(What is required):
Copy, exactly as written, the lines that begin at the one containing "Nếu tính từ" and end at the one containing "O Collagemin foi". Skip any pictures in the data below.

Data entries

—————

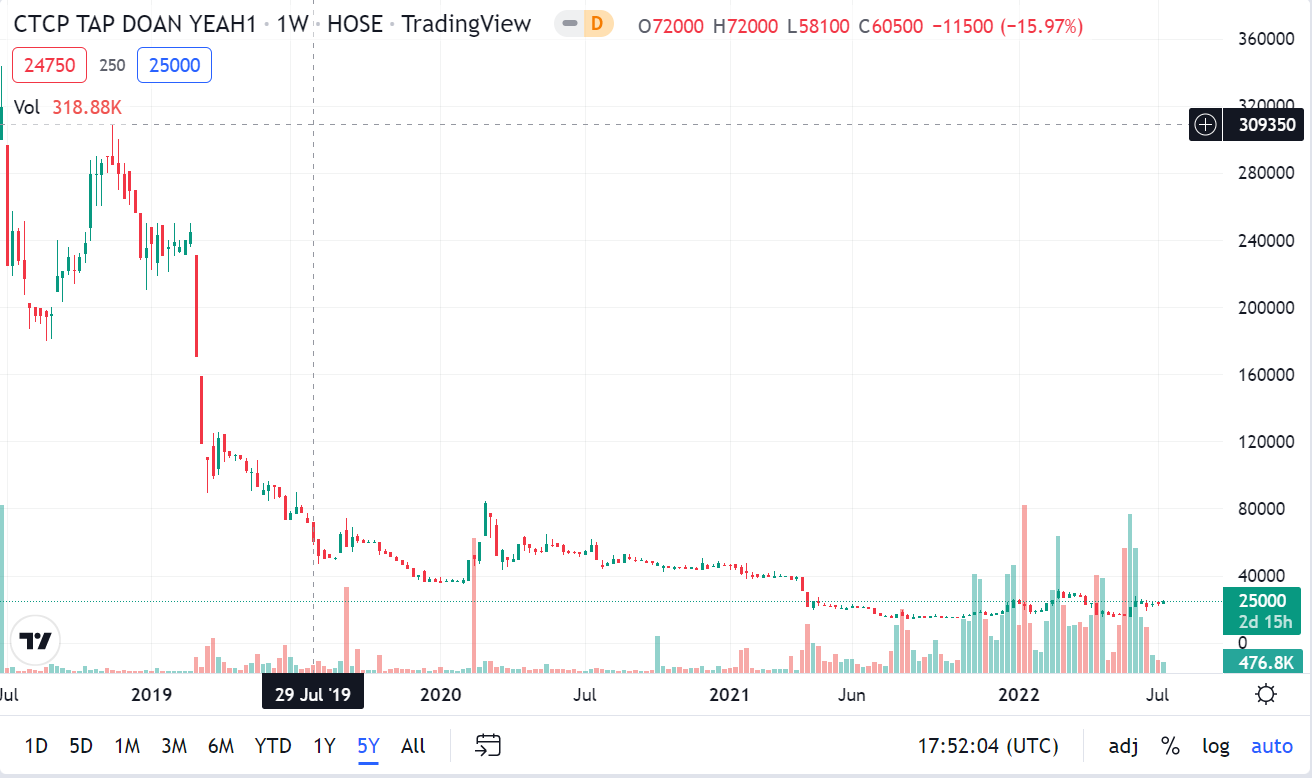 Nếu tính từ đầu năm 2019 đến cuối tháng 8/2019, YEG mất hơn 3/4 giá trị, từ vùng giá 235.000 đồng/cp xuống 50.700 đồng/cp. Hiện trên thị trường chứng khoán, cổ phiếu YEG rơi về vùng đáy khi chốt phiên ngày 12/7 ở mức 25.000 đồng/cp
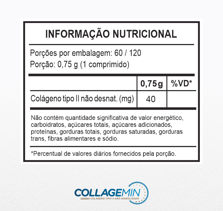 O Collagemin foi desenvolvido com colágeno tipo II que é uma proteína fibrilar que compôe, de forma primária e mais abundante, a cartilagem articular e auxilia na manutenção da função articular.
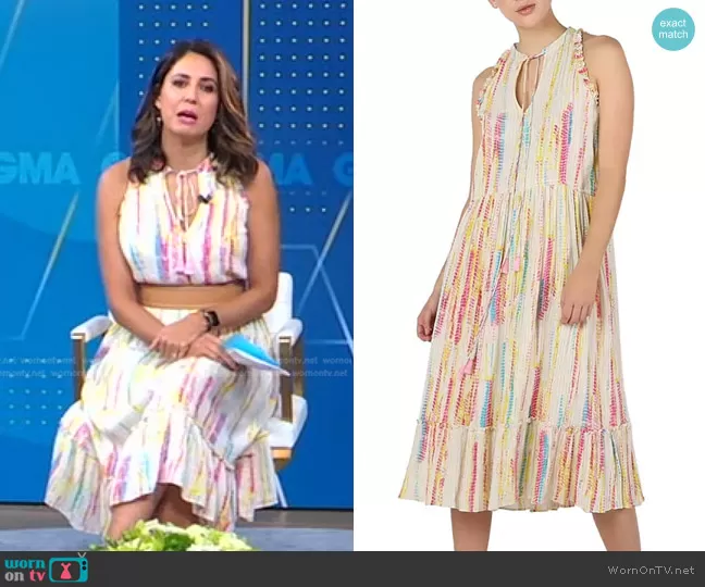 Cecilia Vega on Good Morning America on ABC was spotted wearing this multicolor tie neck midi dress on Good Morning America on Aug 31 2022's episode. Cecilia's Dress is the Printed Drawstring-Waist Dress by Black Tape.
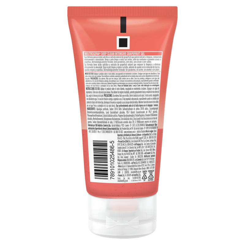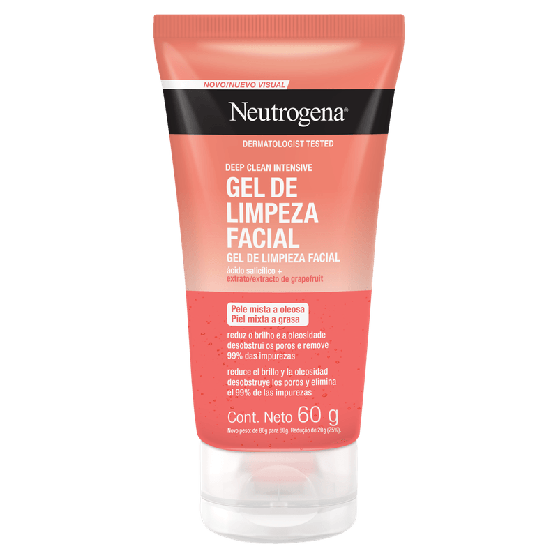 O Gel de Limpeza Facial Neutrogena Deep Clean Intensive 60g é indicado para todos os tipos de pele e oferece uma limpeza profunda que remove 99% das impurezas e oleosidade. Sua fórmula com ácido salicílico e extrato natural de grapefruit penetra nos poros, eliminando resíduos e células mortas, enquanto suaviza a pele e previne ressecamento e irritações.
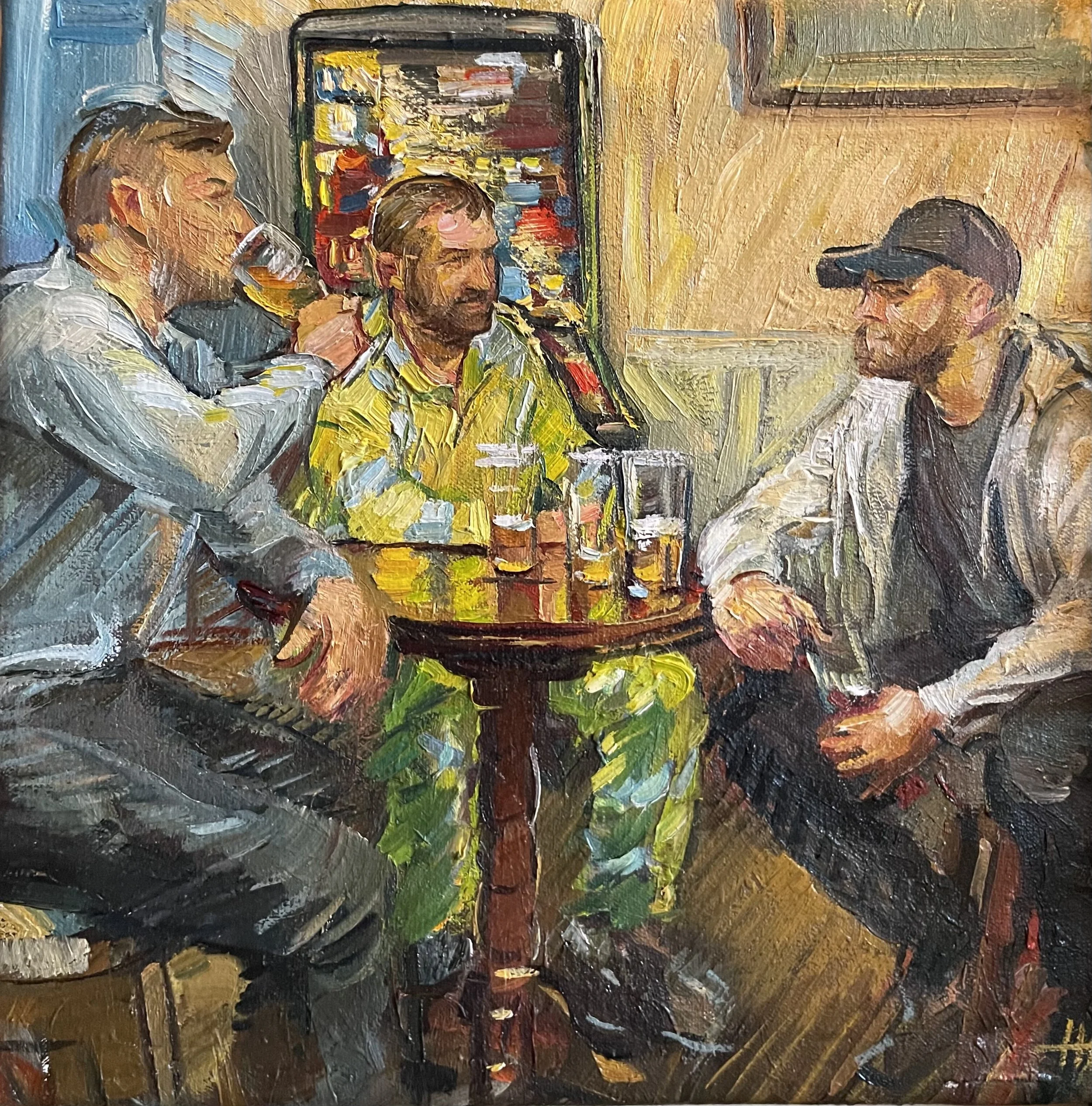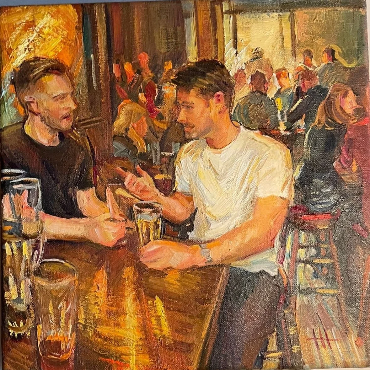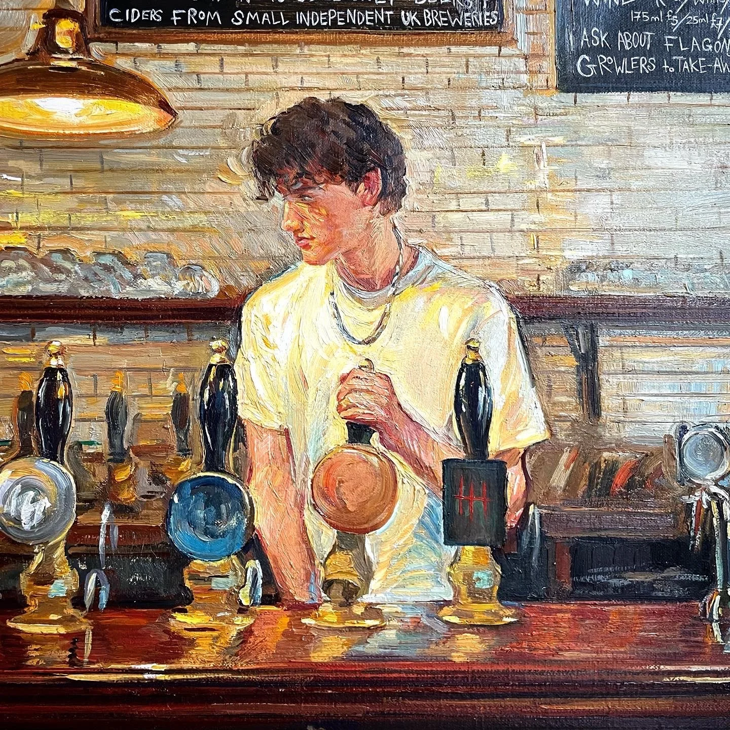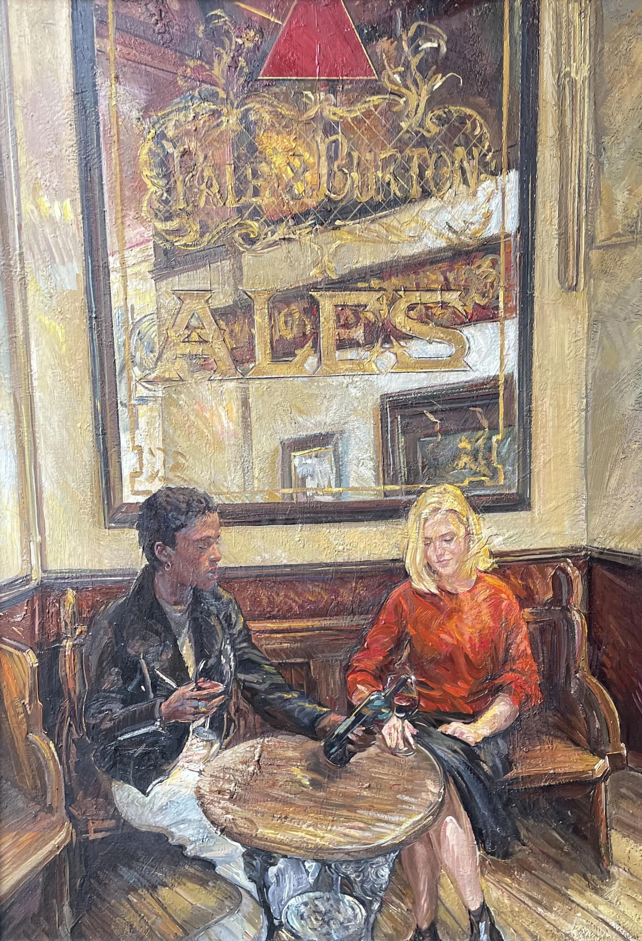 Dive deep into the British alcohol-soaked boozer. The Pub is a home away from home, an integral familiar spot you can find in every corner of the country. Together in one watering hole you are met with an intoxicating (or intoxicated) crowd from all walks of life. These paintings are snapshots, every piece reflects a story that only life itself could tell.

—————

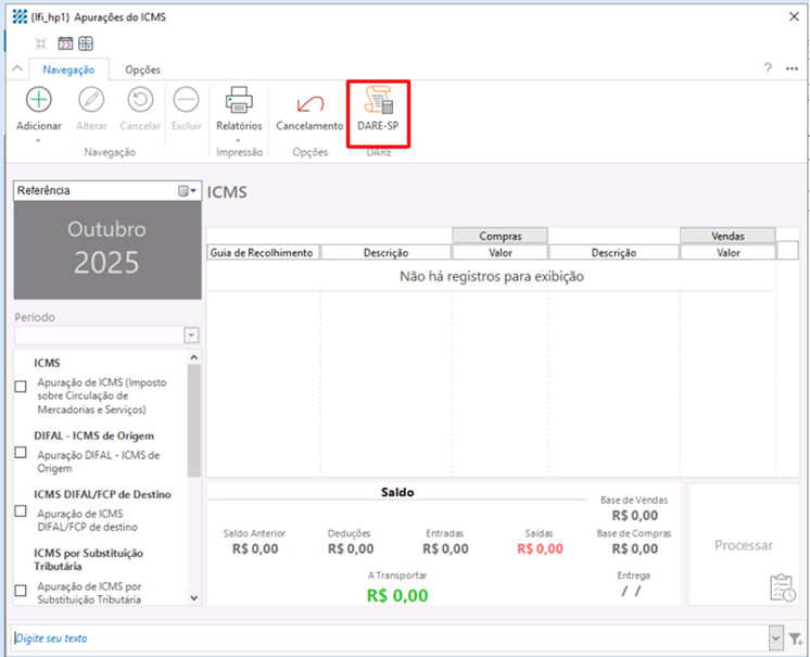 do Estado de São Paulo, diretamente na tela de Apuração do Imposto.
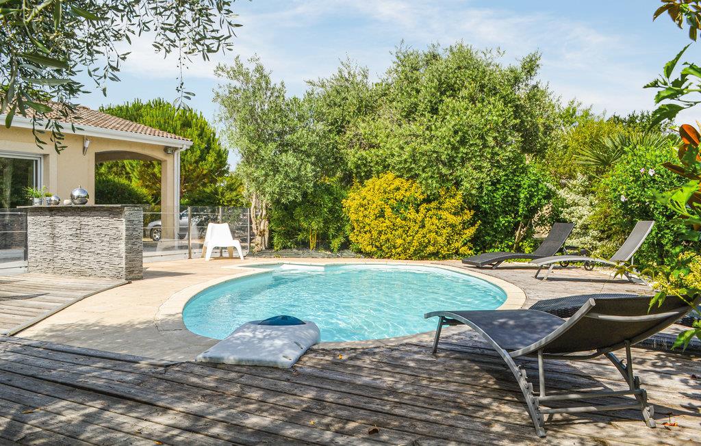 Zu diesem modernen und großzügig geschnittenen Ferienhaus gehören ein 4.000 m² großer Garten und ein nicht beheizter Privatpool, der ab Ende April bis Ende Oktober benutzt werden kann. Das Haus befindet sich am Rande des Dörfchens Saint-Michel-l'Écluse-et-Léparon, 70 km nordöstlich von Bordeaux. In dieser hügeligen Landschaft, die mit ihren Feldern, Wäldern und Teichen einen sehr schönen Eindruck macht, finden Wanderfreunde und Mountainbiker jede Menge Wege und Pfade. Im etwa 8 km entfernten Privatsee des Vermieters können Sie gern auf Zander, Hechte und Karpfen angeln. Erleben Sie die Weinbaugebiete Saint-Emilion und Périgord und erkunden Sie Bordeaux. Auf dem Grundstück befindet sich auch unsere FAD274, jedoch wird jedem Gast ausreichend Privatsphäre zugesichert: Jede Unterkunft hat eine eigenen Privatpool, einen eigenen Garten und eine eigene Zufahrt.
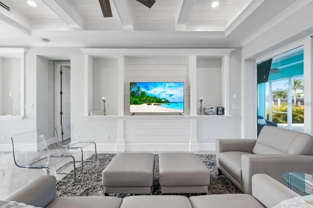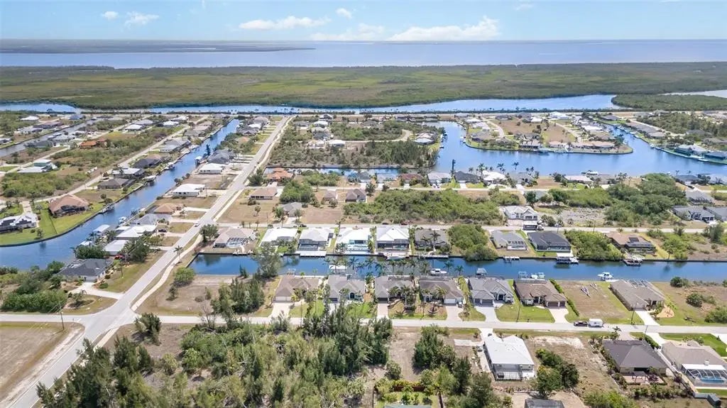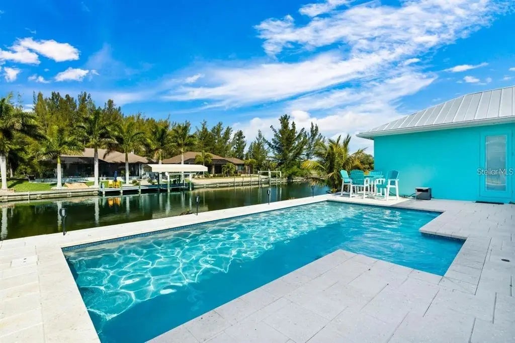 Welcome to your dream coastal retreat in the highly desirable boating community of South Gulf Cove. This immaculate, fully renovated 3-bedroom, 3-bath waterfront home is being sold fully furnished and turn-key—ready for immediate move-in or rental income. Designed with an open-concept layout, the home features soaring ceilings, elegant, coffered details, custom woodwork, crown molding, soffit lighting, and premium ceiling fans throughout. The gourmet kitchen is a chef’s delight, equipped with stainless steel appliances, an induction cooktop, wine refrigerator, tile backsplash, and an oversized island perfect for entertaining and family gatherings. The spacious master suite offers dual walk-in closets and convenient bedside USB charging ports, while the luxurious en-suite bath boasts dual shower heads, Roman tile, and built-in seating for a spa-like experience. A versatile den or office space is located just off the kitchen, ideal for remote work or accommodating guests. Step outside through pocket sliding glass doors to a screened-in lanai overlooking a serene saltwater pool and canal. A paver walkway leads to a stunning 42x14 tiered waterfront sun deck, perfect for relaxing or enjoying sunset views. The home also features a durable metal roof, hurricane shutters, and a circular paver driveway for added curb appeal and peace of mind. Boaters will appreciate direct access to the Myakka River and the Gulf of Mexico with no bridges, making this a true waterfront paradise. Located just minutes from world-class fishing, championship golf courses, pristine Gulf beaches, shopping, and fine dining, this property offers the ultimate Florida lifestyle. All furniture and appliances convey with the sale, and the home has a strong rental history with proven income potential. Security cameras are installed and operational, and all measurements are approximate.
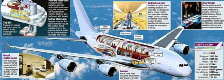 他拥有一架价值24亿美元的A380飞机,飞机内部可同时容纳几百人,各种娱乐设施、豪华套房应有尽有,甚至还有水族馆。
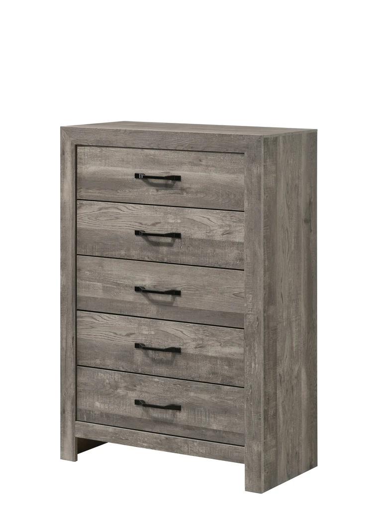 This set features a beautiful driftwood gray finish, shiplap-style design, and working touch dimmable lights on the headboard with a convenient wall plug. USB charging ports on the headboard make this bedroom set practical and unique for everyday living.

—————

(Exercise result):
 Nếu tính từ đầu năm 2019 đến cuối tháng 8/2019, YEG mất hơn 3/4 giá trị, từ vùng giá 235.000 đồng/cp xuống 50.700 đồng/cp. Hiện trên thị trường chứng khoán, cổ phiếu YEG rơi về vùng đáy khi chốt phiên ngày 12/7 ở mức 25.000 đồng/cp
 O Collagemin foi desenvolvido com colágeno tipo II que é uma proteína fibrilar que compôe, de forma primária e mais abundante, a cartilagem articular e auxilia na manutenção da função articular.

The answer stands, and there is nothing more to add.